Learning Slimming SAR Ship Object Detector Through Network Pruning and Knowledge Distillation

The deployment of deep convolutional neural networks (CNNs) in synthetic aperture radar (SAR) ship real-time detection is largely hindered by huge computational cost. In this article, we propose a novel learning scheme for training a lightweight ship detector called Tiny YOLO-Lite, which simultaneously 1) reduces the model storage size; 2) decreases the floating point operations (FLOPs) calculation; and 3) guarantees the high accuracy with faster speed. This is achieved by self-designed backbone structure and network pruning, which enforces channel-level sparsity in the backbone network and yields a compact model. In addition, knowledge distillation is also applied to make up for the performance decline caused by network pruning. Hereinto, we propose to let small student model mimic cumbersome teacher's output to achieve improved generalization. Rather than applying vanilla full feature imitation, we redefine the distilled knowledge as the inter-relationship between different levels of feature maps and then transfer it from the large network to a smaller one. On account that the detectors should focus more on the salient regions containing ships while background interference is overwhelming, a novel attention mechanism is designed and then attached to the distilled feature for enhanced representation.
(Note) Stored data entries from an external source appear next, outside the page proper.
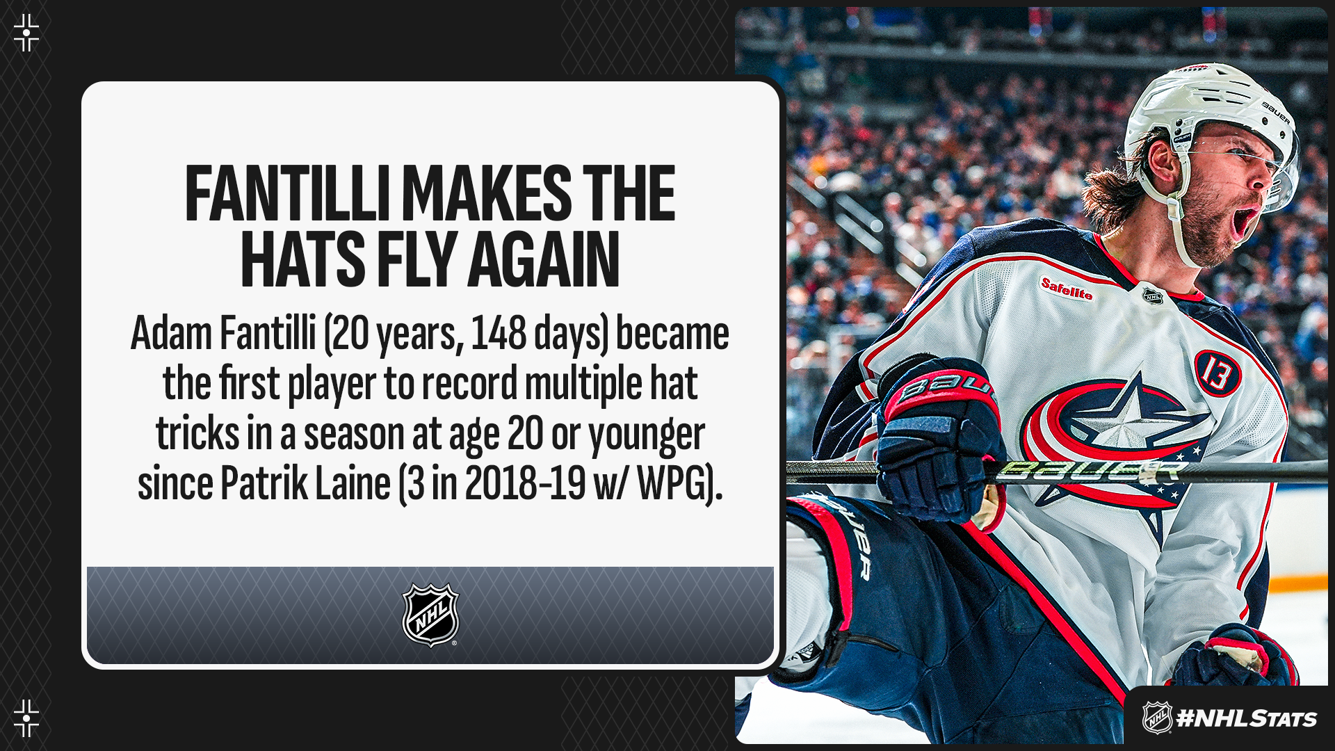 * Adam Fantilli scored his second hat trick of the season while Zach Werenski claimed a couple of franchise records in the Blue Jackets’ crucial regulation win against the Rangers. With every hat trick this season, AstraZeneca will donate $3,000 to the Hockey Fights Cancer Fund of the V Foundation up to $300,000.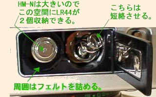 このカメラは,電源として水銀電池HM-N(1.35V)を2個必要とする。この電池は入手困難なので,電池ボックスを少し改造して,LR44を2個使って動作するようにした。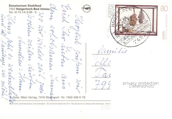 73124263 alte Postkarte Bad Imnau Sanatorium Stahlbad postalisch gelaufen Erhaltung siehe scans [KathaD81] KatCode: 11110008417025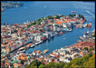 Flott oversiktsbilde over Bergen sentrum, tatt fra Fløyen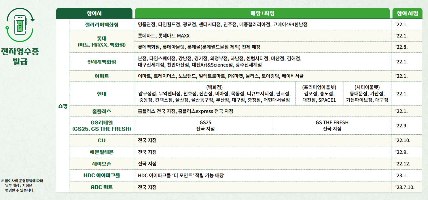 기본적으로 전자영수증은 제도 참여기업의 앱을 따로 설치해서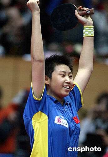 十二月十二日,年僅十六歲的小將郭躍在北京舉行的大眾汽車(chē)二零零四年國(guó)際乒聯(lián)職業(yè)巡回賽總決賽女單半決賽中戰(zhàn)勝牛劍鋒,獲女單冠軍。中新社記者:武仲林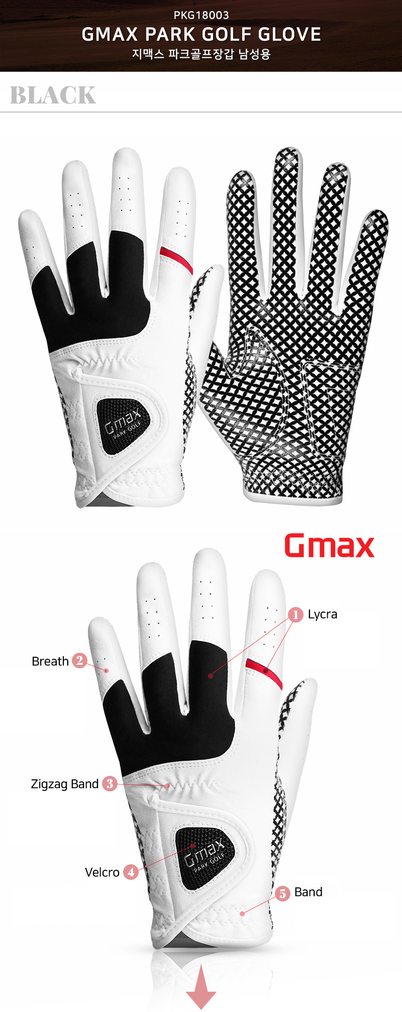 [BY_Glove] GMAX PARK GOLF GLOVE FOR MEN, BOTH HANDS _ PKG18003_ Synthetic Leather Gloves, Lycra, Silicone coating, Non-Slip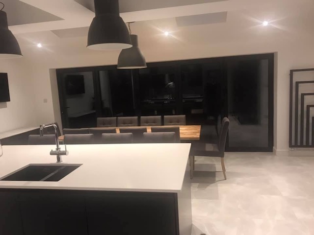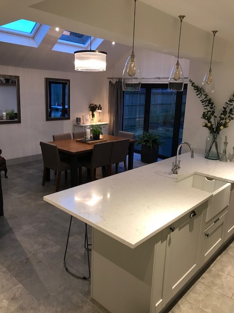 Thank you for our fabulous new open plan kitchen diner, for figuring out a way to hide the steel in the ceiling, for always being tidy and for taking care to provide a high quality finish.
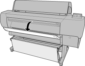 When the paper cutter holder stops at the replacement position, OPEN FRONT COVER appears. Open the front cover.

Finally, extensive experiments are conducted on SSDD, HRSID, and two large-scene SAR images to verify the effectiveness of the thinner SAR ship object detector in comparison of with other CNN-based algorithms. The detection results demonstrate that the proposed detector can achieve lighter architecture with 2.8-M model size, more efficient inference (>$200 fps) with low computation cost, and more accurate prediction with knowledge transfer strategy.

Automated summary

This article introduces a lightweight ship detector called Tiny YOLO-Lite for real-time detection in synthetic aperture radar (SAR), outlining methods to reduce model storage size, decrease computational cost, and ensure high accuracy. Experimental results demonstrate that the proposed detector achieves superior performance in terms of model size, inference efficiency, and predictive accuracy.